Güncelleme Tarihi:
Ahmet Türk'e saldırıyla ilgili gözaltına alındıktan sonra “kasten yaralama” iddiasıyla tutuklanan İsmail Çelik'in avukatı Karaduman, nöbetçi sulh ceza mahkemesine itirazda bulunduktan sonra adliye çıkışında açıklama yaptı.
Açıklamasında müvekkilinin basit kasten yaralama suçu işlediğini ve tutuklamayı gerektirecek bir durum olmadığını belirten Karaduman, yargıya baskı olduğunu öne sürdü.

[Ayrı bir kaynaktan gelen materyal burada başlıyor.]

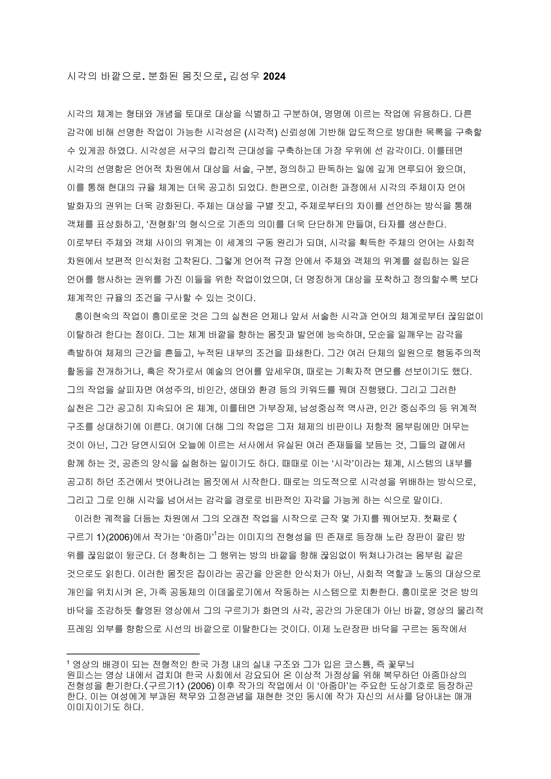 시각의 바깥으로. 분화된 몸짓으로, 김성우 2024
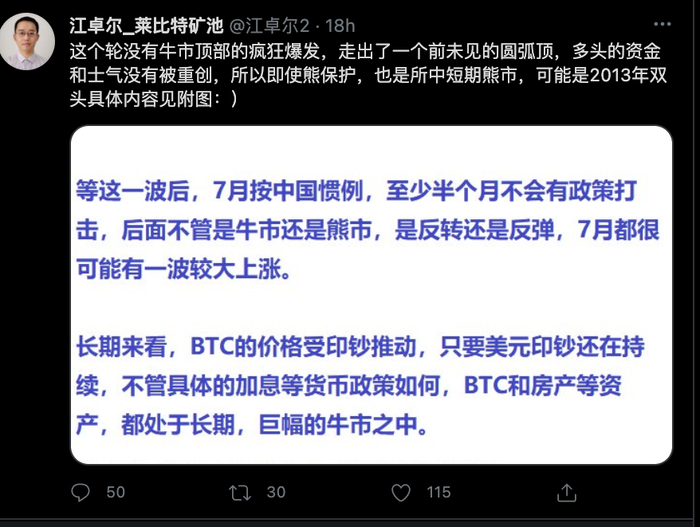 相反的是,由于国内对于比特币挖矿、交易等监管政策的收紧,部分国内的KOL们态度相对悲观。

Şehit haberleri nedeniyle milletin sabrının taştığını savunan Karaduman, şunları kaydetti:
“Buradan doğudaki ve güneydoğudaki kardeşlerimize selam gönderiyorum. Lütfen artık birleşelim. Saflarımızı sıklaştıralım. Vatana karşı ihanet edenlere tepki gösterelim, lütfen birleşelim. Kardeşlerimize, Karadeniz'e selam gönderiyorum. Doğu, güneydoğu, Karadeniz fark etmiyor. Bu ülkenin her yeri aynı, her yeri eşit. Milletin sabrı taşmıştır. Şehitlerimizden dolayı milletimizin başı sağ olsun.”
Tutuklamaya yapılan itirazın 1-2 gün içinde sonuçlanmasını beklediklerini ifade eden Karaduman, “Müvekkilimle ilgili kasten yaralamanın tutuklamayı gerektirmeyecek bir suç olduğunu belirttik” dedi.
İTİRAZ DİLEKÇESİ
İtiraz dilekçesinde tutuklamanın kaldırılmasını isteyen Karaduman, tutuklama kararının ceza kanununun temel ilkelerinden olan “kanun önünde eşitlik” ilkesine aykırı olduğunu savundu.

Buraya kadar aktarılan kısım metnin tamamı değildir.